Five students gathered with their tutor around the patient. This one had a heart murmur, a rare one. The five students all had excited looks on their faces, waiting to detect this rarity. The tutor approached the patient.
“Could we all have a little listen to your heart? It won’t take long.”
The patient nodded. This had been the 4th group that day but he acquiesced. First the tutor placed his stethoscope on the chest of the patient.
Listened at the four valve sites. Asked the patient to inhale and exhale appropriately before ending off by listening to the carotids. Then gestured for the students to listen.
The first student stepped up, introduced herself, and proceeded to listen. Her eyes squinted as she knew she heard something. She listened more carefully, and for ten seconds there was dead silence as she closed her eyes and pictured the murmur, the valve.
Asked the patient to exhale, and hold it there. Another five seconds. To check and double check. She was satisfied. And then the next student approached.

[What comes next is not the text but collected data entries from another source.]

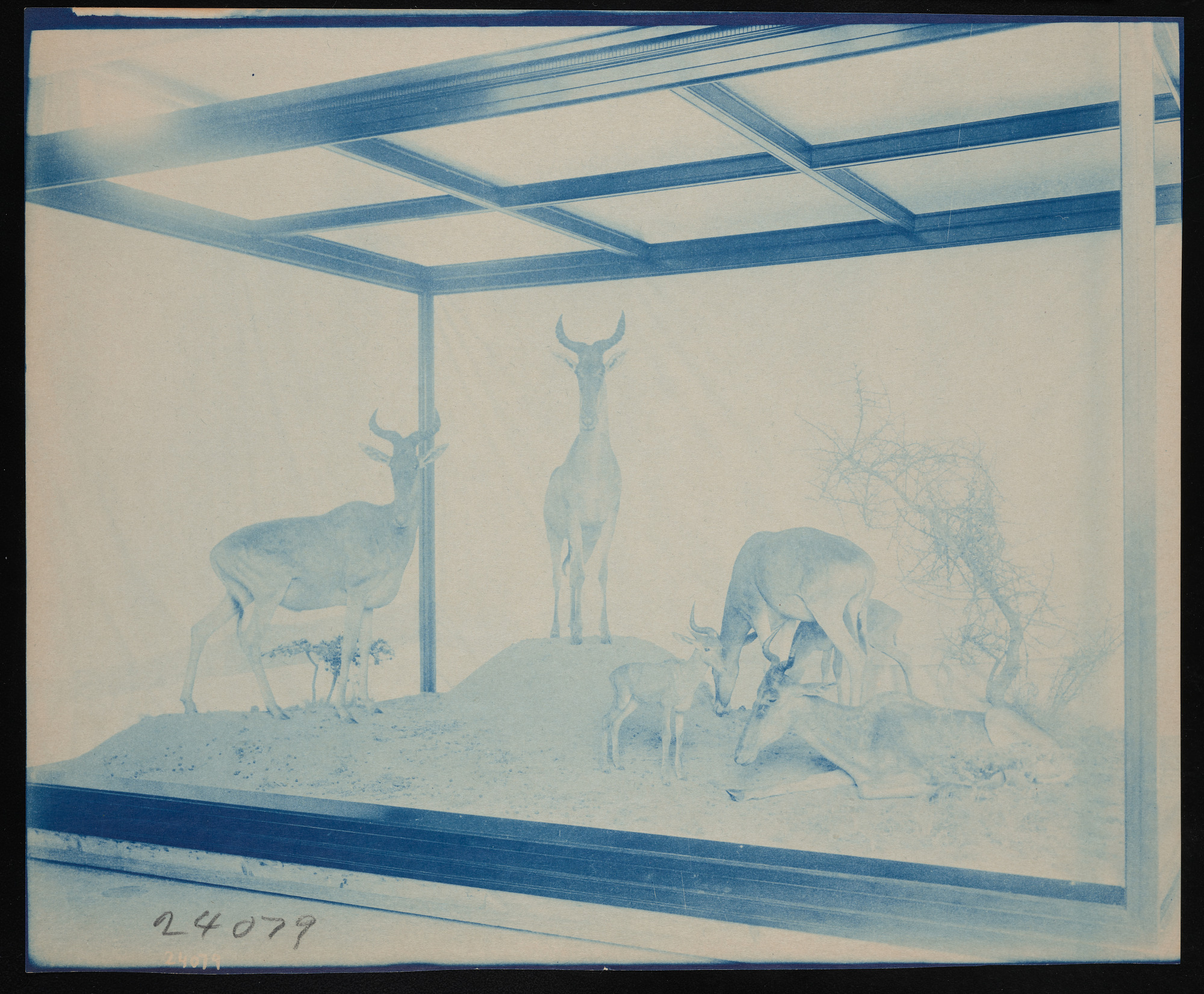 Interior view, United States National Museum African mammals exhibits in the Natural History Building, now known as the National Museum of Natural History, featuring Coke's hartebeest group, also known as kongoni.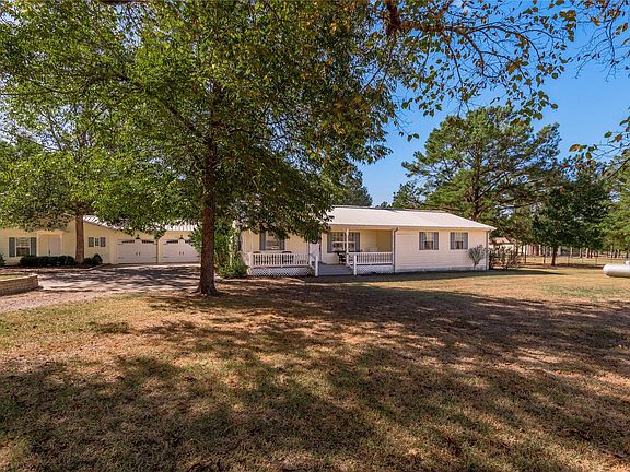 Minutes from Onalaska and Lake Livingston, this charming ranch house offers a modern kitchen with a wine cooler and a gas range, overlooking the porch. The open living/dining area features a breakfast nook, and the main home includes two bedrooms and two bathrooms. Additionally, there is a one-bedroom, one-bath apartment attached to the two-car garage, as well as a shop with a roll-up door. The property is fenced and cross-fenced, featuring a private septic system and well. Beautifully maintained land features scattered oaks, pines, and pecan trees. Don't miss this unique opportunity.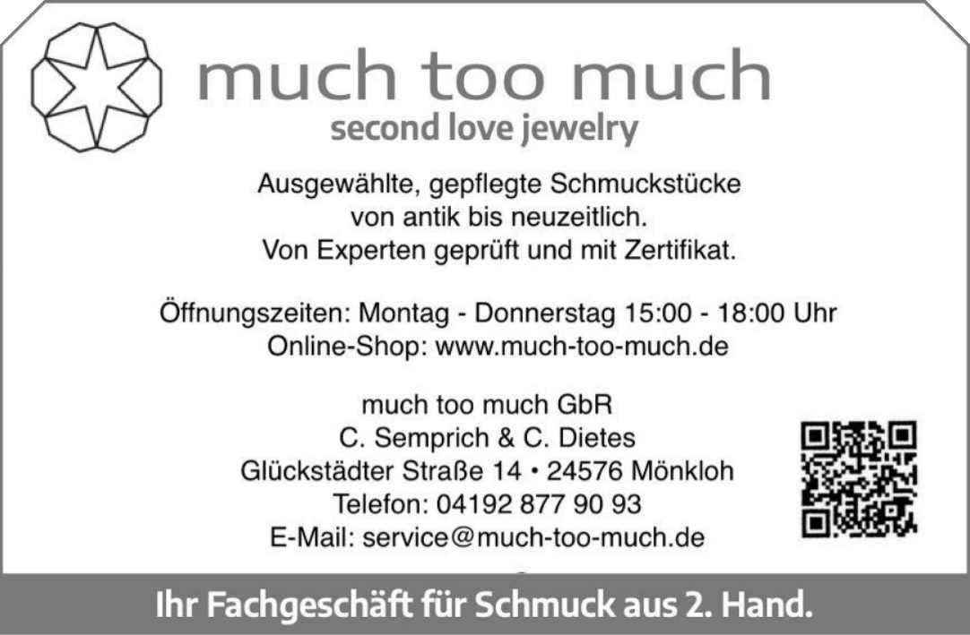 Im Fachgeschäft much too much in Mönkloh finden Schmuckliebhaber eine breite Auswahl an zertifiziertem Schmuck aus zweiter Hand. Das Sortiment umfasst sorgfältig geprüfte Ringe, Ketten, Armbänder und weitere Schmuckstücke, die bereits eine Geschichte erzählen und nun eine neue Wertschätzung erfahren.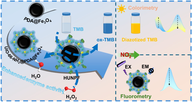 图2 磁性金属有机框架固定化酶制备流程及亚硝酸盐检测原理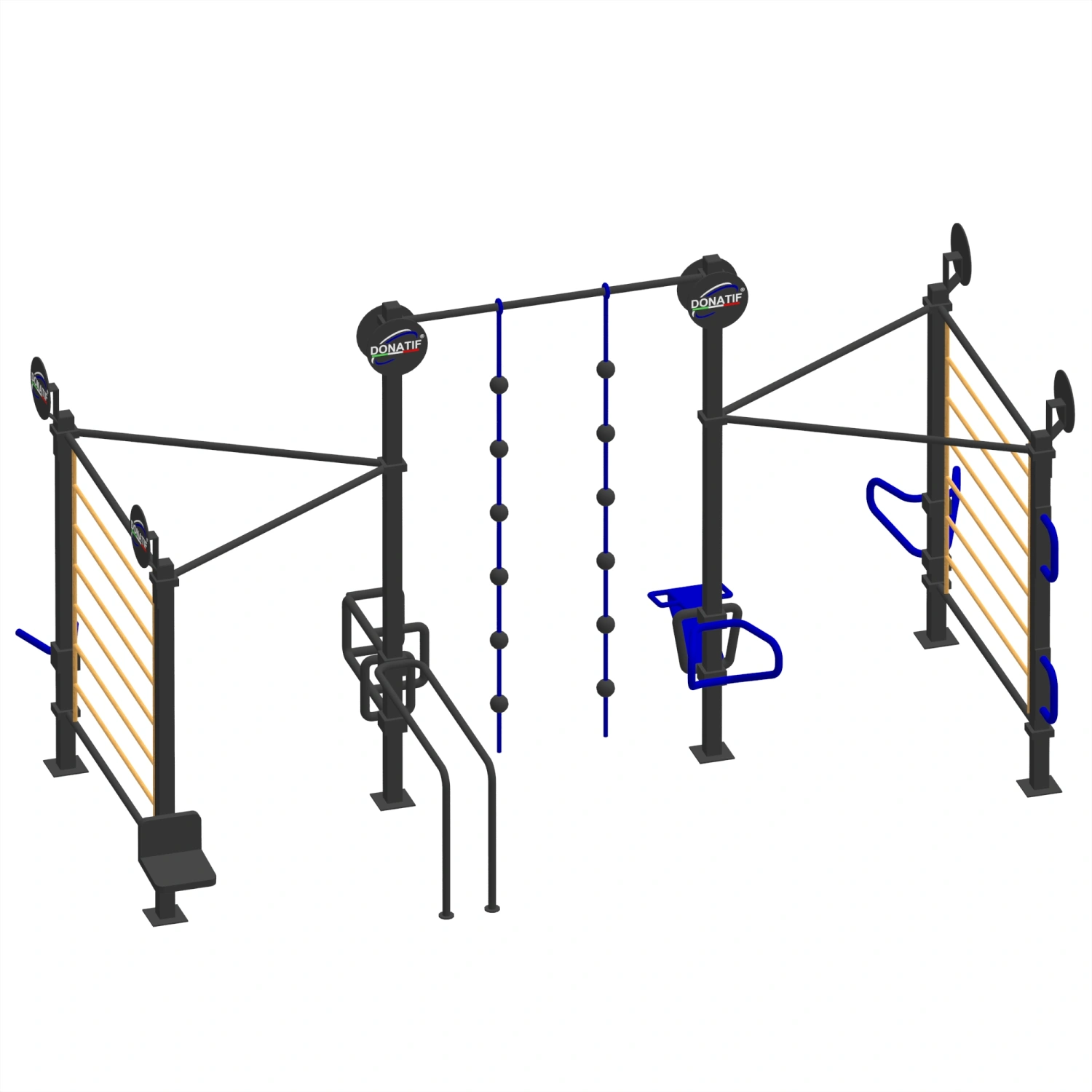 Geben Sie die gewünschten Anpassungen an und klicken Sie auf "Anpassung speichern".Die Double Wall Bars Structure - CH65 DONATIF ist eine Outdoor-Station, die für komplette und multidisziplinäre Workouts konzipiert wurde. Hergestellt aus hochfestem Stahl mit Vierkantrohr 80x80x3 mm, vereint es Solidität und Langlebigkeit. Die Feuerverzinkung und Pulverbeschichtung macht es widerstandsfähig gegen Witterungseinflüsse und bewahrt Funktionalität und Ästhetik auch im Außenbereich. Mit Abmessungen von 584 cm Tiefe, 305 cm Breite und 350 cm Höhe und einem Gesamtgewicht von 230 kg bietet er Stabilität und Zuverlässigkeit. Zu seinen Elementen gehören: vertikale Sprossenwand zum Klettern, Dehnen und Bewegen, Parallelstangen für Dips und Push-Training, Seile mit Kletterbällen zur Verbesserung von Grip und Widerstand, Zugstangen (120 cm, Durchmesser 33 mm) für Calisthenics- und Functional Training Übungen sowie Stützmodule für Übungen, die auf den Rumpf und die oberen Gliedmaßen abzielen.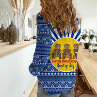 Central African Republic Christmas Women Casual Shirt with Drumming Kids Beat of Joy Tribal Pattern and Snowflakes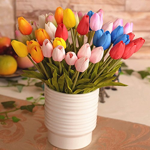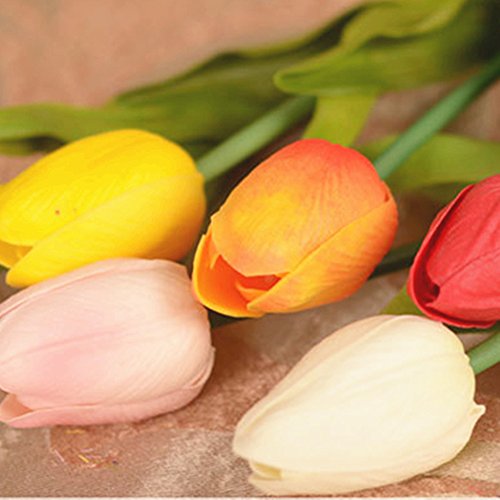 -Exquisite Appearance with High Quality The artificial tulips flowers bud and leaves are made of PU, making the tulips the same as real one with sweet smell and giving you a realistic touch.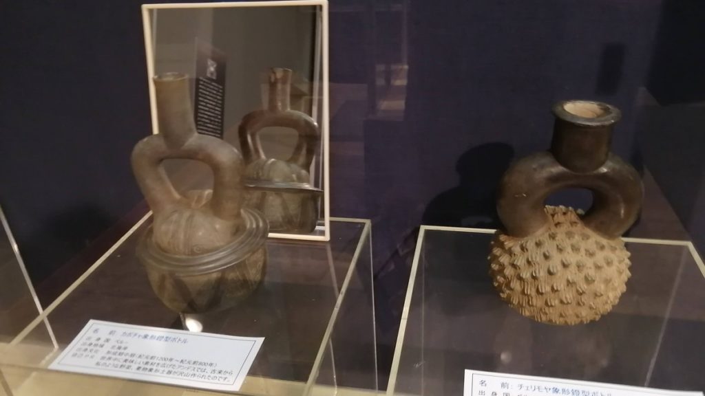 今回、BIZEN中南米美術館でたくさんの展示物を見るとともに、森下館長から説明や笛吹ボトルの実演をしていただくことができました。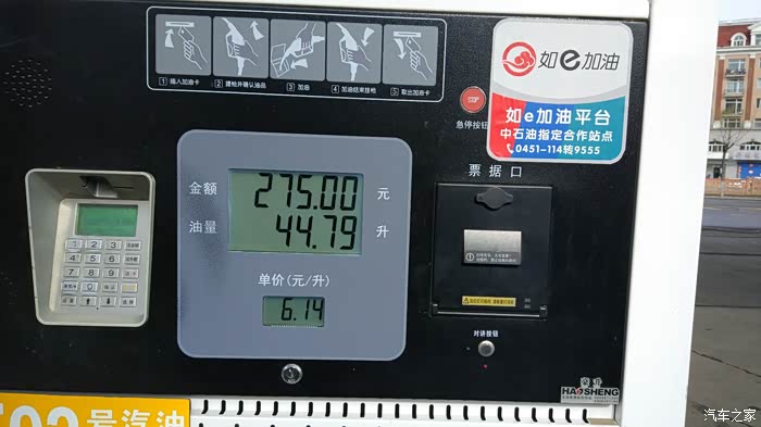我们开始加油!本次测试正好赶上油价下调6.14元每升加了250元44.79升,实际上就是加满。然后我们打火在熄火!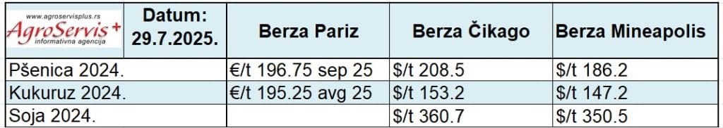 Cene žitarica na svetskim berzama: Pariz, Mineapolis, Čikago
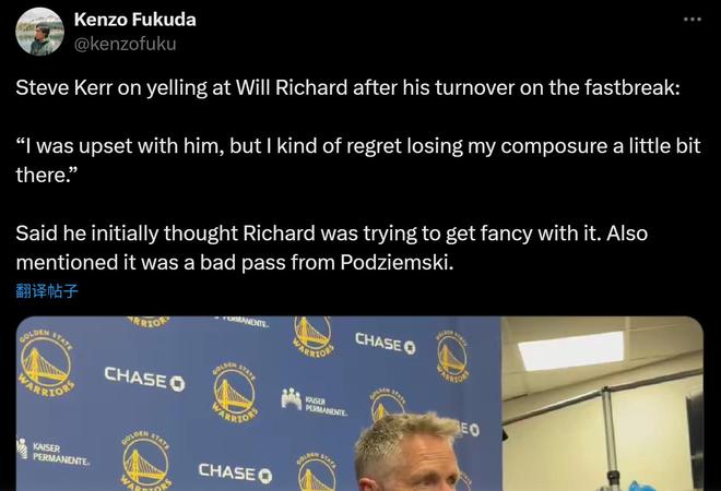 除此之外,科尔谈到了库里的伤病问题,透露库里在赛前进行了个人训练,自己认为他本赛季肯定会回归,但恢复时间不确定是一周、两周,还是更长的时间,因为他的状况有些棘手。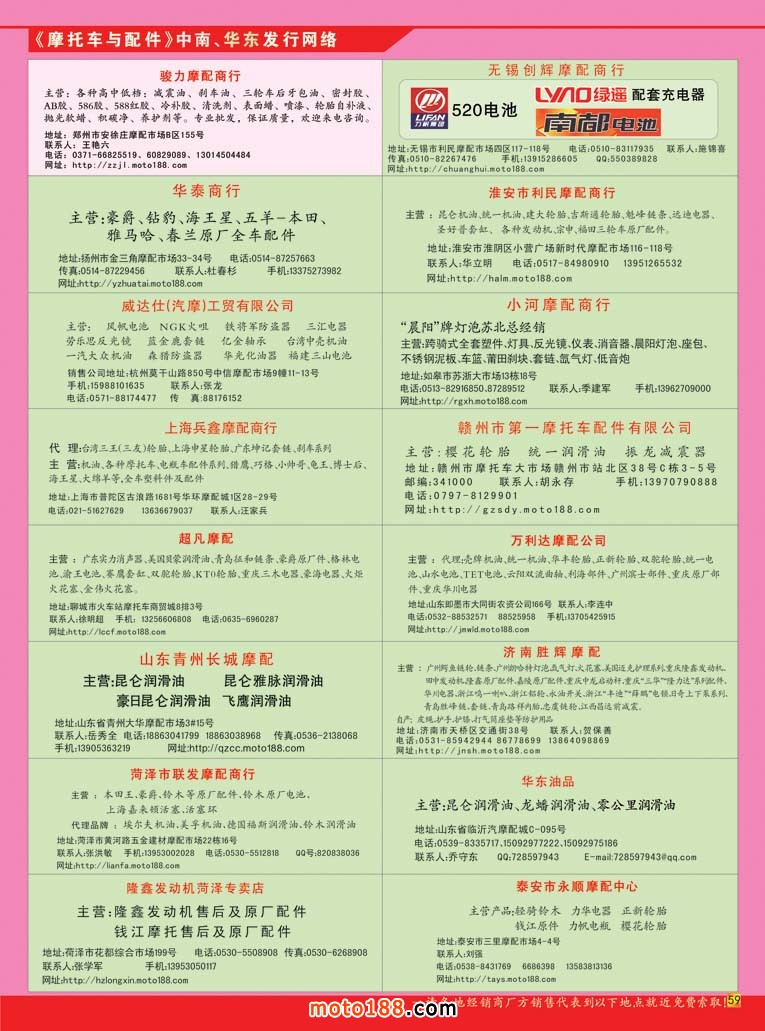 《摩托車與配件》經(jīng)過十多年發(fā)展和企業(yè)一起成熟,但并沒有變老,永遠保持與時俱進的青春活力,部分市場在變,我們的意志和恒心不變。我們根據(jù)這兩個大區(qū)的變化,也給雜志進行了一次新的定位,配件行業(yè)是我們的主戰(zhàn)場,我們始終在配件行業(yè)耕耘。盡管電動車的配件沒有摩托車的多和廣,但我們已經(jīng)采取措施在許多市場里將電動車配件經(jīng)營企業(yè)也納入到我們的送書計劃里。在以后出的《指南》類書籍里,在也會將市場里從事電動車配件批發(fā)的選錄進來。“問渠那得清如許?唯有源頭活水來”。這是一個恒久的市場,卻又是時時在變化的市場,尤如鐵打的營盤流水的兵,市場是鐵打,里面經(jīng)營的企業(yè)就是流水,只有流動的水才是活水。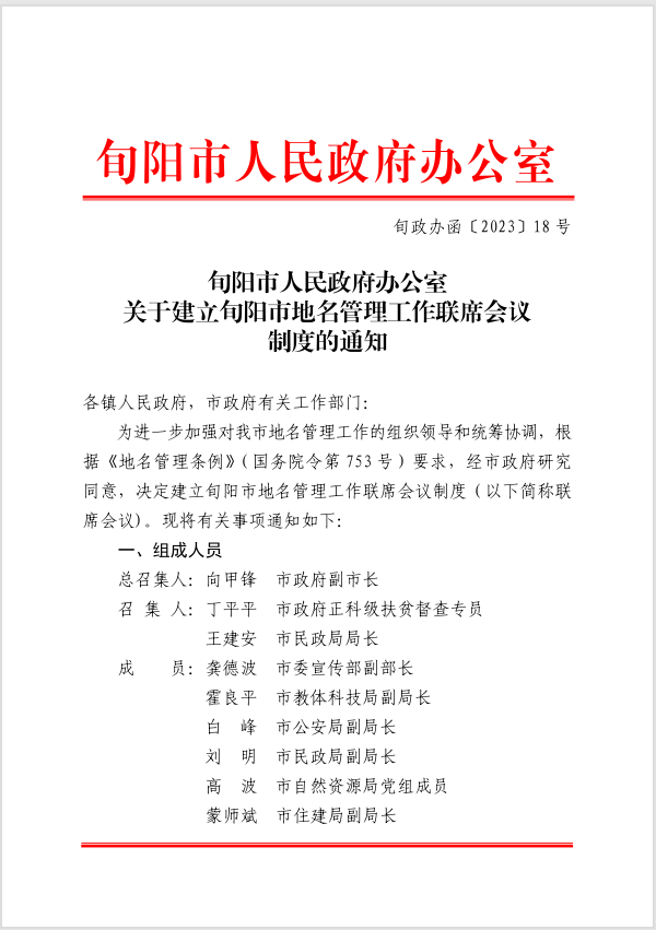 近日,经市政府同意,旬阳市正式建立地名管理工作联席会议制度。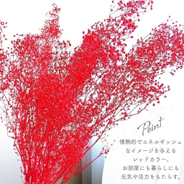 ドライフラワー プリザーブドフラワー ミニカスミ草 レッド 全長約55cm かすみ草 かすみそう ブーケ 赤 ビビット 天然素材 大地農園 アレンジ材 インテリア

“Hi, I’m Jess. Just gonna have a quick listen yea.”
Another nod. The patient closed his eyes. He almost knew the routine. The student listened. Her face twitched as she heard the murmur. Now to seal the diagnosis. She was quicker than the first. After the inhaling and exhaling it was all over.
The third student did the same, then the fourth.
And finally the fifth student approached.
“Last one here. Just another quick listen alright?”
It was almost a rhetorical question. One that needed no answering, yet the man nodded. A much slower and weaker nod.
The student, having watched the actions of his peers, could have well already known the diagnosis. A murmur heard best with the bell of the stethoscope in expiration at the mitral area could only be one thing.
He was the fastest. Placed his stethoscope on the chest right at where he thought he would hear it best and listened. He had no sign on his face that he’d heard something. But he performed the manoeuvers, and it was clear he had heard it. And he was done.
“All over Mr Jones. Thank you very much for this.”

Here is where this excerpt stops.